La surface forestière a diminué en Afrique Sub-Saharienne, en Asie du Sud-Est et en Amérique Latine, principalement du fait de l’extension de l’agriculture [lire]. En Afrique, la disparition nette des forêts s’est accélérée depuis les années 1990, tandis qu’elle s’est ralentie en Amérique Latine. Au contraire, la forêt nette a augmenté entre 2010 et 2020 en Asie, en Océanie et en Europe, essentiellement à cause du reboisement et de l’expansion naturelle [lire].
Ces statistiques pourraient faire croire que la situation s’améliore relativement (ou plus exactement se dégrade moins aujourd’hui que dans le passé), si l’on ne pousse pas plus loin l’analyse. Mais cette impression cache un danger de la plus haute importance.
D’abord, les forêts tropicales humides, qui représentent un peu plus du quart de la superficie forestière mondiale, ont diminué plus vite que les autres, puisqu’elles se sont réduites de 17 % (moins 220 millions d’hectares) entre 1990 et 2019. Ensuite, 10 % des forêts tropicales humides restantes sont dégradées, cette dégradation étant souvent un processus annonciateur de disparition [lire en anglais].
Le cas de la forêt amazonienne, dans le paragraphe suivant, montre qu’il n’y a aucune raison de se satisfaire d’une lecture superficielle des statistiques sur l’évolution de la forêt mondiale.
La forêt amazonienne : une bombe à retardement
Une étude récente (Pronounced loss of Amazon rainforest resilience since the early 2000s), menée par une équipe de chercheurs allemands et britanniques, apporte des preuves que les trois quarts de la forêt amazonienne ont perdu de leur résilience2 depuis le début des années 2000. Cette diminution est plus rapide dans les régions à pluviométrie moyenne affaiblie (du fait du changement climatique) et dans les zones de la forêt plus proche des activités humaines. Ces résultats de recherche se fondent sur une combinaison de simulations et d’observations directes de signes de perte de résilience.
Le processus de baisse de la résilience est causé par le changement climatique affectant les forêts, car il est difficile aux arbres de s’adapter rapidement à une saison sèche plus longue et à des sécheresses plus fréquentes. Cela pousse les forêts vers un seuil critique de dépérissement qui a de profondes implications pour la biodiversité, le stockage du carbone et l’évolution du climat au niveau mondial [lire].
Il est utile de se souvenir que lors des deux grandes sécheresses de 2005 et 2010, la forêt amazonienne est devenue temporairement une source d’émission de gaz à effet de serre (GES), du fait d’une mortalité plus élevée des arbres, alors que normalement elle est l’un des principaux puits de carbone au monde. Ce type d’évènement pourrait se multiplier à l’avenir, ce qui aurait de sérieuses conséquences pour le climat de la planète.

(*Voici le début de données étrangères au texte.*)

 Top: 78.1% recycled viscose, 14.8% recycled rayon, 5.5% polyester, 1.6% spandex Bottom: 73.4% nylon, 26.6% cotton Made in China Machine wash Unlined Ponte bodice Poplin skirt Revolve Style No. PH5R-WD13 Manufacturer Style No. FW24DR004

Plusieurs études suggèrent l’existence d’un cercle vicieux par lequel la déforestation et la dégradation de la forêt entraînent une réduction de l’humidité de son milieu (à cause d’une évapotranspiration réduite des arbres) qui, à son tour, a un effet négatif sur la pluviométrie, ce qui amoindrit la viabilité de la forêt. Avec la multiplication des sécheresses, les incendies locaux pourraient se transformer en « méga-feux » qui produiraient un surplus d’émissions de GES, alors qu’une diminution de la biomasse et de l’humidité causée par le feu pourrait faire monter la température avec, pour conséquence, une perturbation potentielle du climat qui aurait un impact sur la mousson de la sous-région sud-américaine tout entière.

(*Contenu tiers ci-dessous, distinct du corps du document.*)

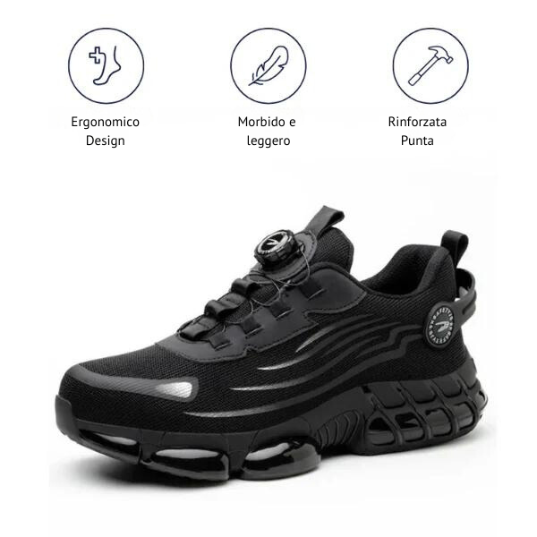 • Punta larga e rinforzata: protegge le dita dei piedi ed è perfetta per i piedi larghi e l'alluce valgo.

Les chercheurs ont établi que lorsque son état devient instable, la forêt réagit plus lentement à des chocs de court terme. Cela signifie que même si les signes de dégradation apparente de la forêt (mesurée par le niveau de présence d’eau et de biomasse) sont limités à l’heure actuelle, cela pourrait cacher un affaiblissement majeur de la forêt à l’avenir. En effet, dès lors que celle-ci deviendrait incapable de répondre aux perturbations (par exemple à une précipitation annuelle plus basse ou à la présence plus forte d’activités humaines), cela déclencherait une spirale descendante résultant de la mise en action du cercle vicieux sur une grande échelle. Un tel processus aurait alors un impact sur le climat mondial.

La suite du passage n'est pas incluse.